The Marine Conservation Society said a major problem was poorly treated sewage discharged near the province's beaches.

Northern Ireland is the only part of the UK where raw sewage from large towns is run directly into the sea.

However, the Water Service said it planned to invest 420m over the next three years to improve waste water treatment and sewerage works.

Six beaches were recommended, based on water quality and sewage tests.

The recommended beaches were Magilligan, two at Tyrella, Warrenpoint and Cranfield.

Graph showing five-year trend of NI beach water quality

These beaches met the criteria of the "highest water quality and adequate treatment of any continuous sewage discharges".

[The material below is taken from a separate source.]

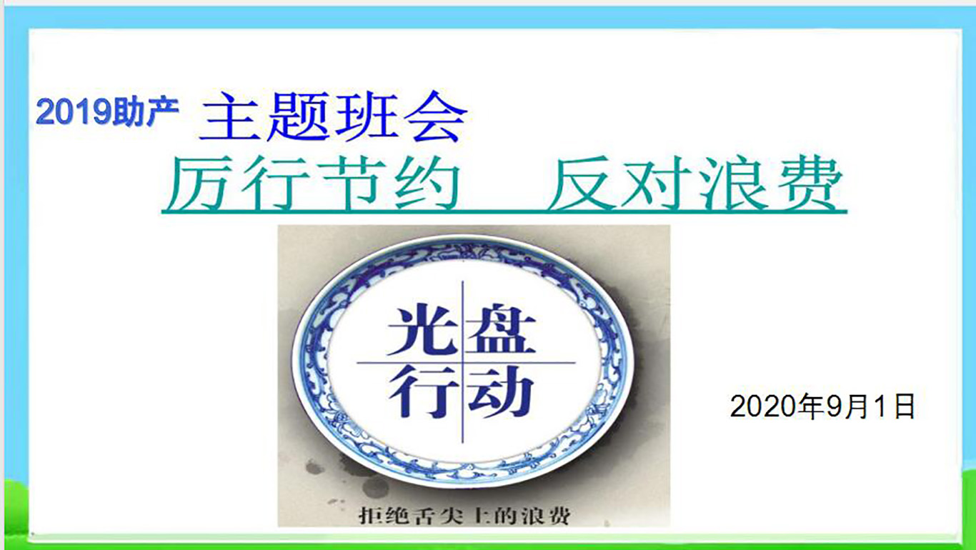 为了学习贯彻习近平总书记关于厉行节约的重要指示精神,2020年9月1日kaiyun开云官方网站助产学2019级在广德楼1602教室召开“厉行节俭,反对浪费”的主题班会,本次班会由辅导员曾敏组织,助产学2019级全体同学参加。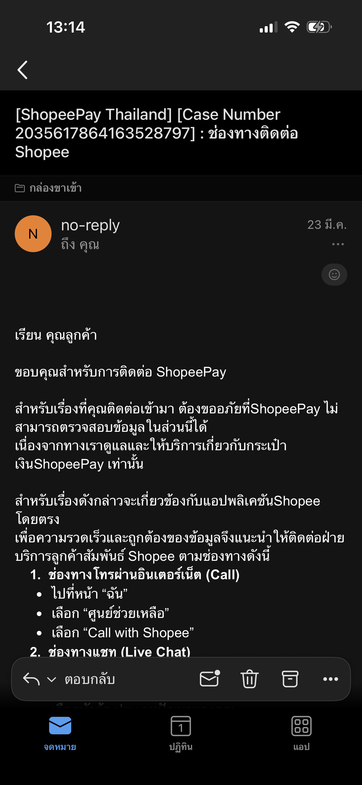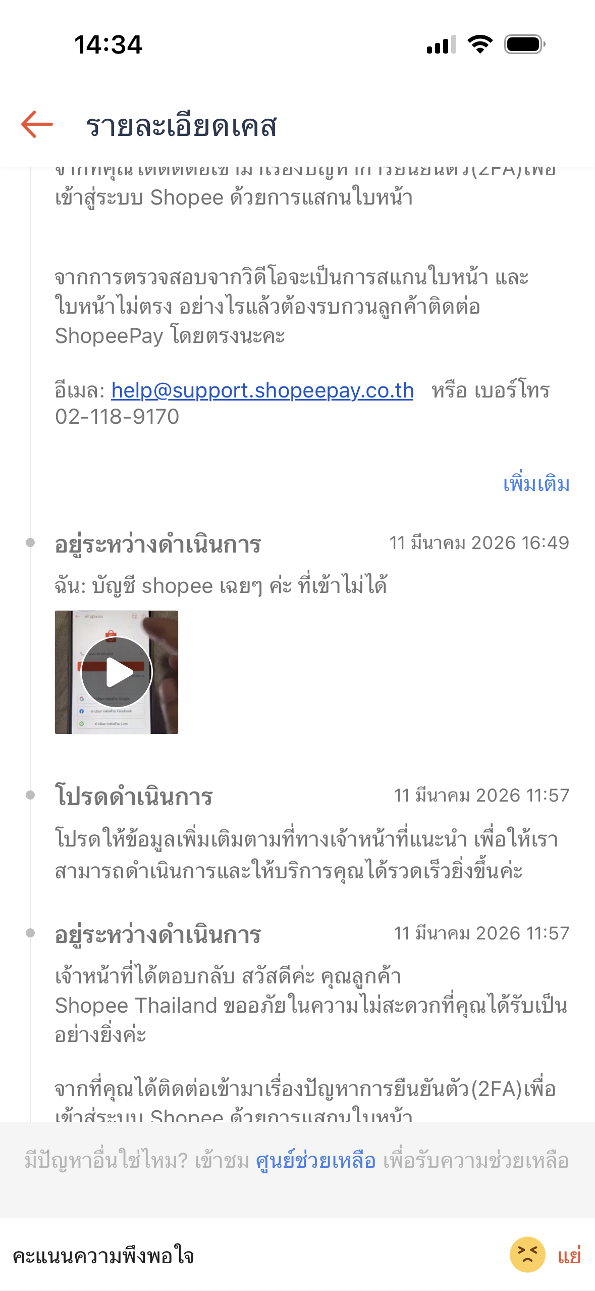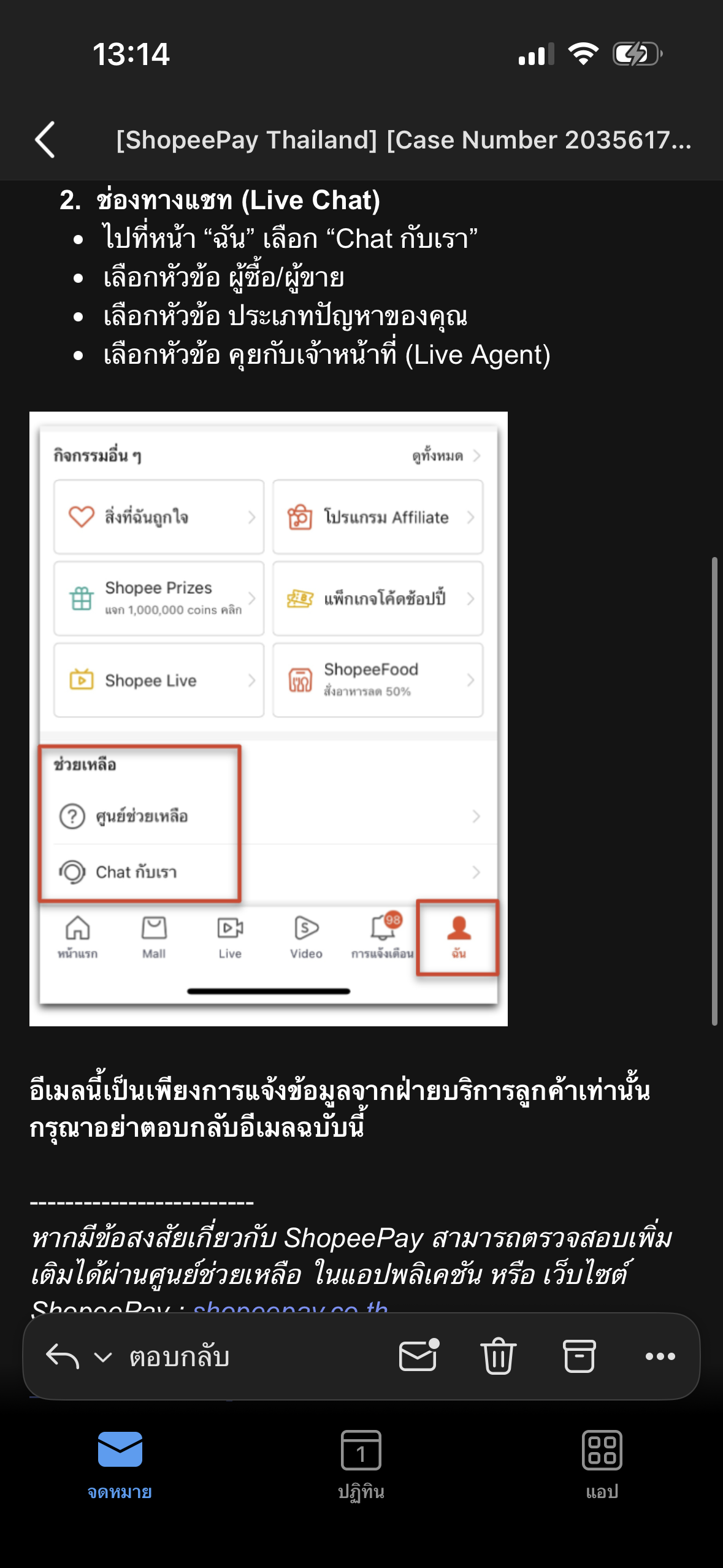 help@suport.shopeepay.co.th เราก็แนบหลักฐานทั้งหมดเหมือนที่แนบไปตอนแรก

The five beaches which failed to meet the mandatory standard were: Castlerock; Carnlough; Ballygally; Ballyholme and Ballyhalbert.

The society "wouldn't advise" swimming at these beaches as infections such as gastroenteritis were "more likely".

Castlerock and Ballygally were recommended beaches in last year's survey.

The society said Northern Ireland could more than double its number of recommended beaches "if 12 bathing sites were not subject to poorly-treated point source sewage discharges".

Waste water treatment

Twenty-seven beaches in the province were monitored for the survey.

Overall, Northern Ireland came seventh out of nine regions in the survey with 22.2% beaches attaining the top award, down 7.4% on last year's figures.

The south west of England came top with 75% of its beaches being recommended.

The Northern Ireland Water Service said it admitted the reduction from eight to six recommended beaches was disappointing.

However, it pointed out that the Marine Conservation Society used stricter - non statutory - criteria to determine water quality and said almost 80% met EC standards last year.

It said that of the planned 420m investment to improve waste water treatment and sewerage works, 100m of that would go towards upgrading waste water treatment working in coastal areas.